HUMBOLDT, SASKATCHEWAN — Olymel LP, a Canadian poultry and pork processor and distributor, announced on May 26 that it would reduce hog production in Western Canada.

The company said six sow units would close, reducing the western sow herd from 57,000 to 40,000 sows in production. The decision will also cause 80 people to be laid off.  

Olymel said that it would work closely with the affected workers on job placement to fill any vacant positions in its western hog sector or job placement outside the company.

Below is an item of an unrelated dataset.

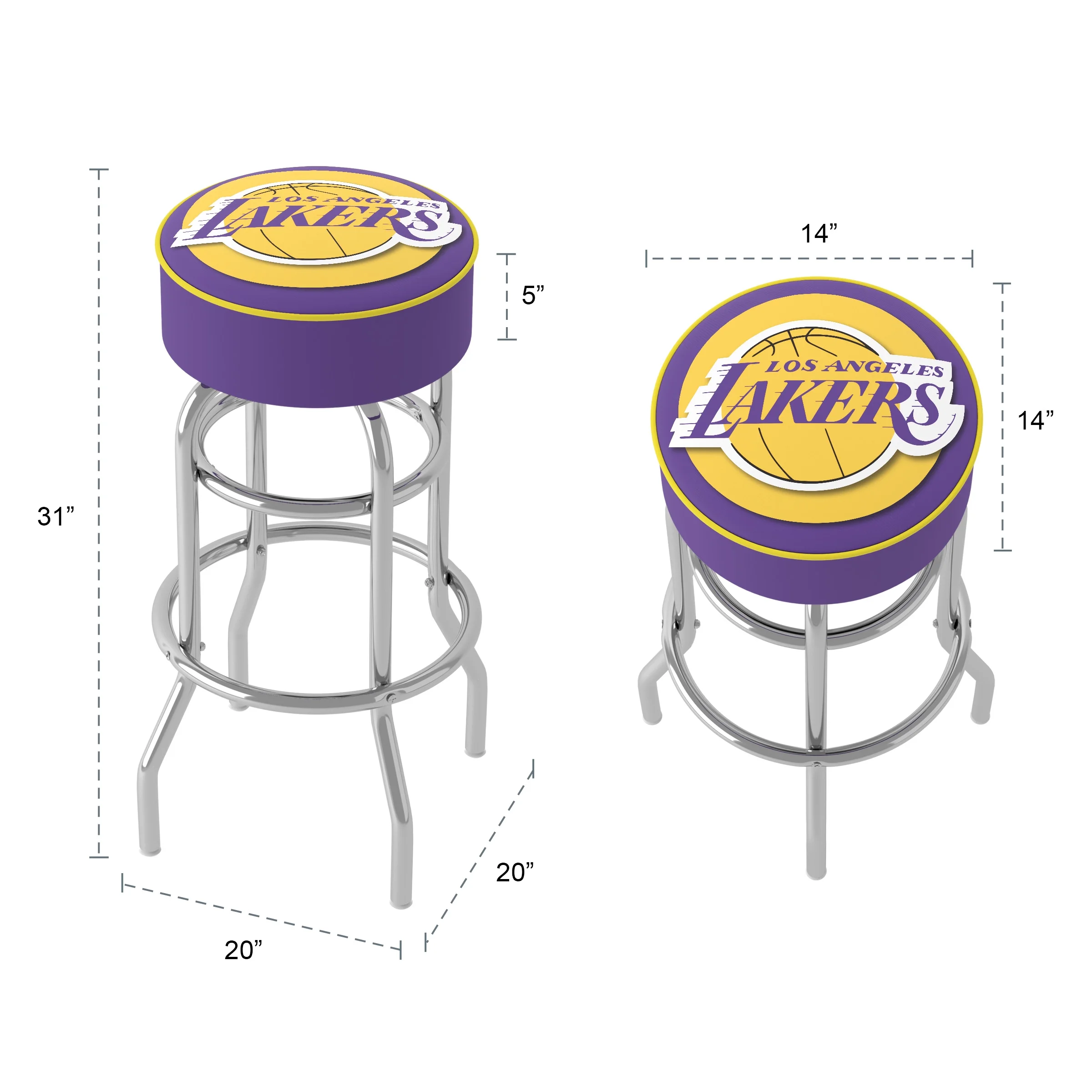 OFFICALLY LICENSED BARSTOOLS – The backless bar stools are sure to bring style to any basement, garage, or man cave with the officially licensed Los Angeles Lakers logo. FOAM PADDED SEAT – The counter stool is equipped with plush foam padding, while the marine grade vinyl sides and quarter inch vinyl beaded top provide added durability. REINFORCED LEGS – The base of the garage stool is constructed from tubular steel with chrome double rung reinforced legs, making this industrial bar stool both lightweight and supportive. 360-DEGREE SWIVEL – The workbench stool features a 360-degree swivel rotation for added versatility and will make an excellent addition to any area of your home or bar. MATERIALS – Chrome Plated Steel, Marine Grade Vinyl, and Foam Padding. DIMENSIONS – (L) 20″ x (W) 20″ x (H) 31″; Seat: (L) 14″ x (W) 14″ x (H) 5″; Vinyl Beading: 0.25″.

“Over the past two years it is well documented that Olymel has experienced significant losses in the processing of fresh pork as a result of limited market access globally,” said Yanick Gervais, chief executive officer of Olymel. “Now, coupled with stubbornly high feed costs resulting in unprecedented losses in the hog sector, we have little choice but to retract and position ourselves for success in the future when conditions improve. I am confident that the changes being implemented in Olymel’s Western Canadian integrated hog sector will provide the foundation for ensuring that success.”

The company stated that the sow farm closures would result in a net reduction of approximately 200,000 market hogs annually to the Olymel Red Deer slaughter facility from company owned farms. Olymel said the impact would not be felt until 2024 at the earliest and could change the availability of the independent hog supply.

The barns that will be closed will wind down over the next several months and remain closed until market conditions improve.

During April, Olymel announced that it would close a major hog processing plant in Quebec that would lay off 994 employees. And in February, Olymel stated that it would close two other pork processing plants.